++++ INPUT DATA

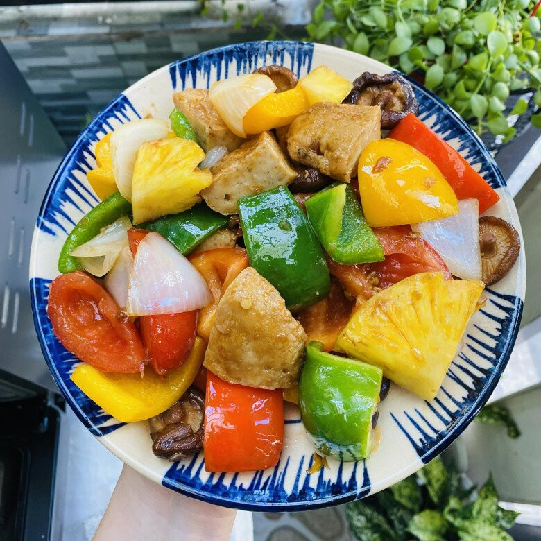 - Bày chả cá chay xào chua ngọt ra đĩa và thưởng thức. Món này ngon hơn khi ăn nóng cùng cơm trắng, chấm kèm với nước tương tuỳ thích.
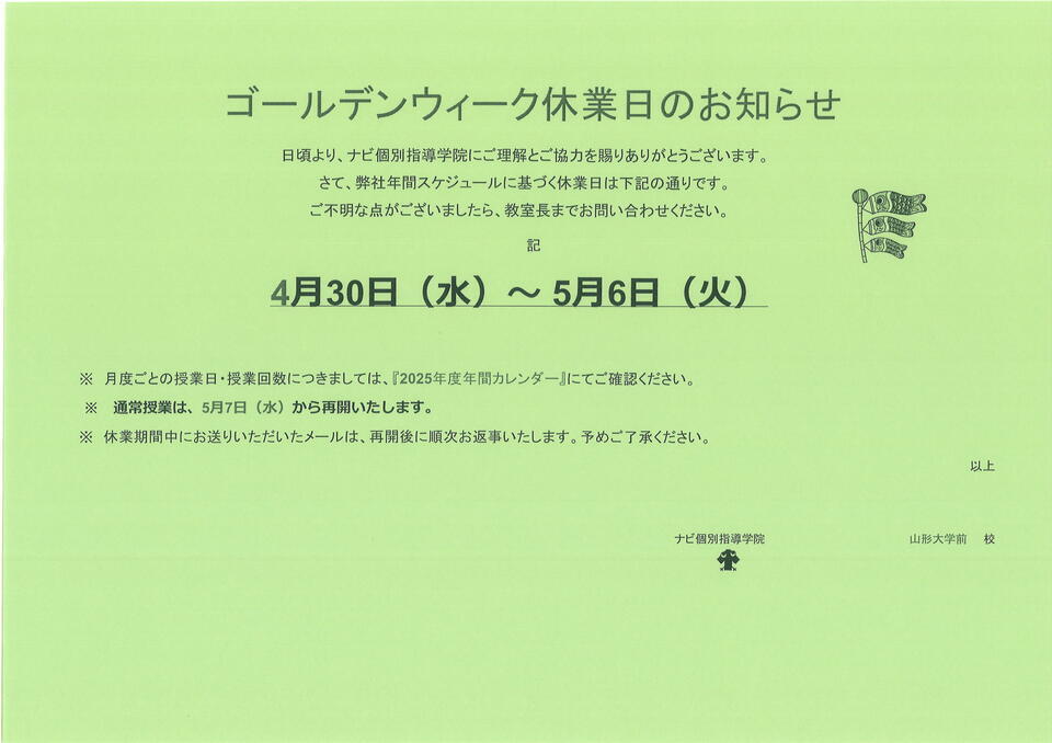 日頃より、ナビ個別指導学院にご理解とご協力を賜りありがとうございます。
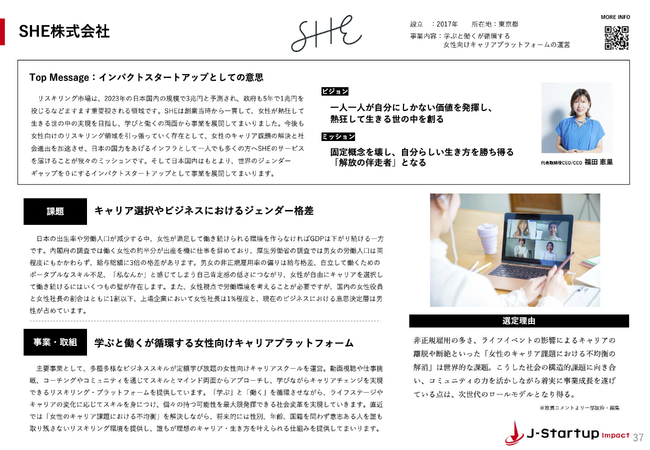 累計7万人以上が受講し、学ぶから働くまでをサポートする女性向けキャリアスクール「SHElikes(シーライクス)」を運営するSHE株式会社(所在地:東京都港区、代表取締役CEO:福田恵里、以下SHE)は、経済産業省が運営するインパクトスタートアップ育成支援プログラム「J-Startup Impact」に選定されましたことをお知らせいたします。
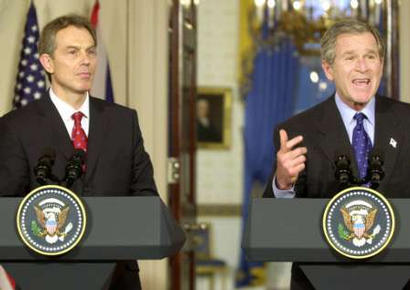 布什在會談結(jié)束后與布萊爾聯(lián)合舉行的記者招待會上說,國務(wù)卿鮑威爾下周將向聯(lián)合國安理會出示證據(jù),證明“薩達(dá)姆正在愚弄世界”。他說,伊拉克問題“將在幾個星期,而不是幾個月內(nèi)得到解決”,美國堅決反對任何將伊拉克問題拖延幾個月后再解決的企圖。
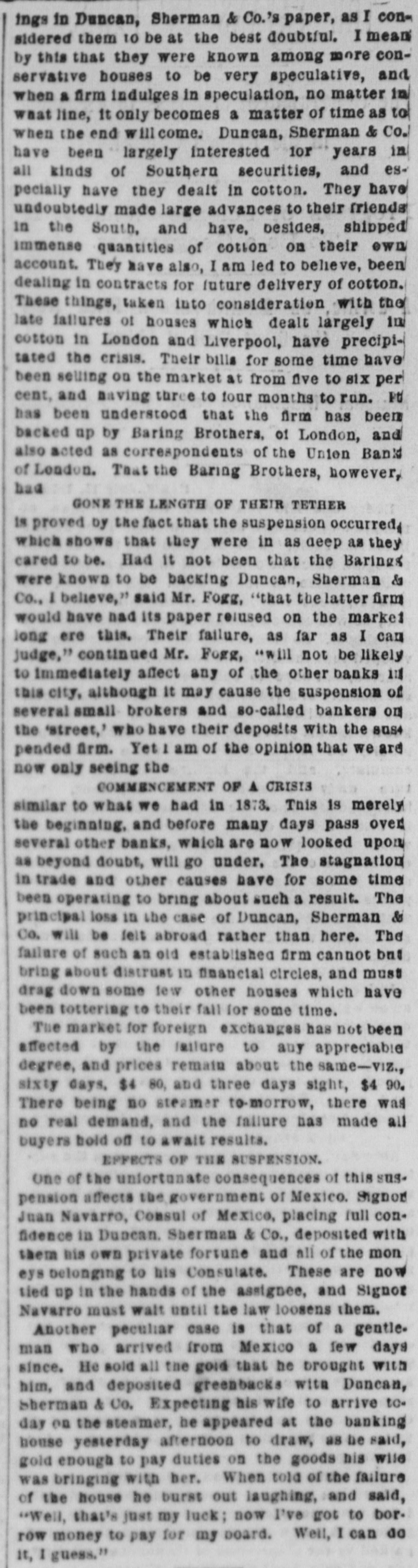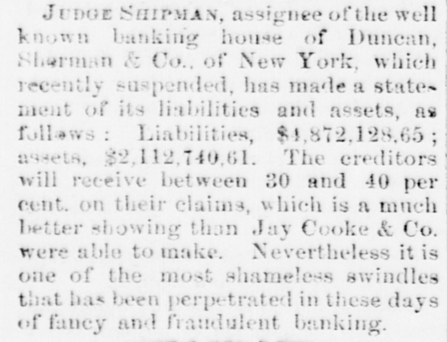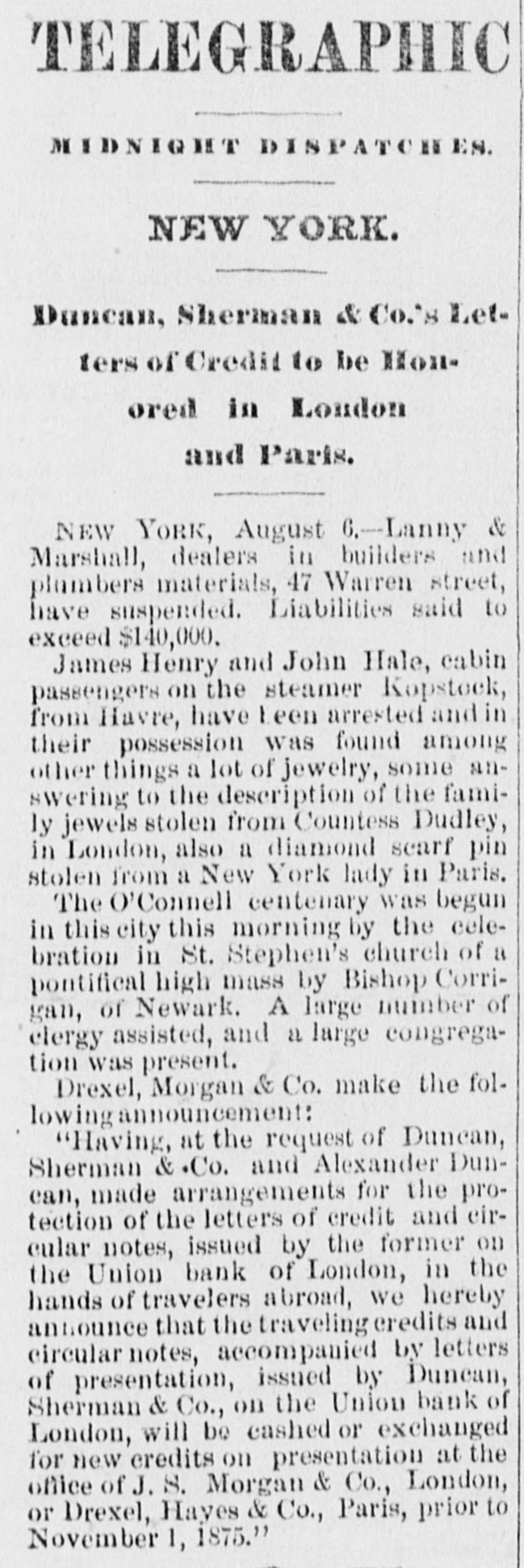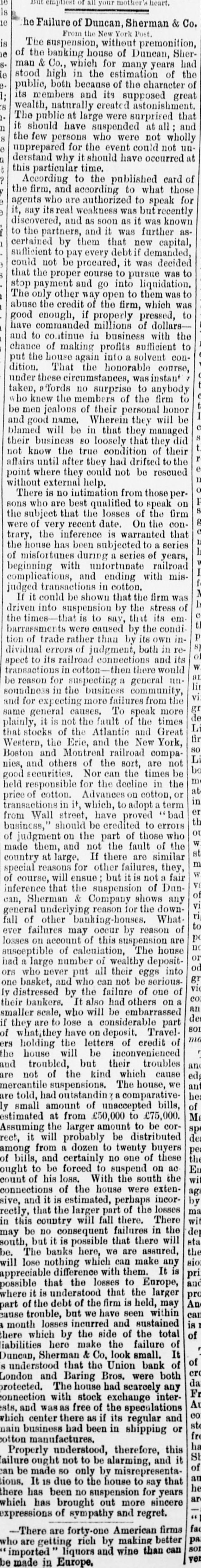 BY TELEGRAPH. Suspension of Duncan, Sherman & Co. NEW YORK, July 27.-Duncan, Sherman & Co., suspended this morning. The suspension causes great excitement in Wall street. NEW YORK, July 27.-The following annonncement has just been made by Duncan, Sherman & Co.: A careful examination of our business and affairs shows us most unexpectedly that through losses and misfortune our available assets are so reduced that we are compelled to go into liquidation. We reached this conclusion with the deepest regret, but the fact that up to the latest moment our unexampled credit having remained unimpaired would have compelled us, it we continue business, to hazard new obligations and receive new confidences which we were willing to assume for the protection of all our creditors without distiction or preference, we have this day made a general assignment to Hon. Wm. D. Shipman of this city, whose address for all matters connected with our affairs will be at our late banking house, No. 11 Nassau street. DUNCAN, SHERMAN & Co. (Signed) The Post's financial says: Quietness in Wall street was broken in the second hour of business, by the announcement that the banking house of Duncan, Sherman & Co. had closed their doors and suspended payment. A clap of thunder in a clear sky could not have caused more consternation, and at the Stock Exchange, Gold Exchange, and Cotton Exchange there was great excitement. The liabilities of the house are given at inside of $6,000,000, and it is admitted that the assets fall in value far below this amount. The losses, which have weakened the house, are not entirely of recent making, but cover several years, the heaviest, it is understood, having been in cotton, and the next in securities, which now have doubtful value. It is due to Wm. Butler Duncan to say that had he had the disposition to take the chances the credit of his house was sufficiently good to have enabled him to have got means necessary to bridge it over. His bills on London sold yesterday close on to those of four prime names. As a man of honor, however, he took an honorable course, and stopped while he had something to divide, refusing new business. He endeavored to get new capital enough to pay every demand which could possibly be made 00 bim, but failing in that, wisely concluded to suspend. Losses by the suspension will fall as a rule where they can be easily borne, although a considerable amount of travellers' credits are outstanding. The Union Bank of London and the Baring Brothers, the London correspondents of the house, are of course able to stand what they will lose. The bank of the State of New York, their home bankers, are, we are told, fully protected. The house was a favorite one for the deposit accounts of corporations, and they Can also stand their losses without embarrassment. We do not know yet the amount of bills ou Europe, which have been sold here, and are held by our merchants. This, it is presumed, will be the heaviest part of the loss, or the part felt most. It is not known, nor is it supposed, that the house was carrying any considerable amount of stocks, which have a close market at Stock Exchange. NEW YORK. July 17-1 p. m -Gold advanced to 16: upen the announcement of the suspension of Duncan, Sherman & Co., but is now (1 p. m.) 14}. PHILADELPHIA, July The failure of Duncan, Sherman & Co., reported here about noon, causes intense excitement. Gold jumped at once to 10±, but has now fallen to 14.

++++++++

▶ **WORK INSTRUCTIONS**
For this answer, return word for word the lines from the first line of the records through the line containing "累計7万人以上が受講し、学ぶ". Omit the pictures.

▶ **RESULT**
 - Bày chả cá chay xào chua ngọt ra đĩa và thưởng thức. Món này ngon hơn khi ăn nóng cùng cơm trắng, chấm kèm với nước tương tuỳ thích.
 日頃より、ナビ個別指導学院にご理解とご協力を賜りありがとうございます。
 累計7万人以上が受講し、学ぶから働くまでをサポートする女性向けキャリアスクール「SHElikes(シーライクス)」を運営するSHE株式会社(所在地:東京都港区、代表取締役CEO:福田恵里、以下SHE)は、経済産業省が運営するインパクトスタートアップ育成支援プログラム「J-Startup Impact」に選定されましたことをお知らせいたします。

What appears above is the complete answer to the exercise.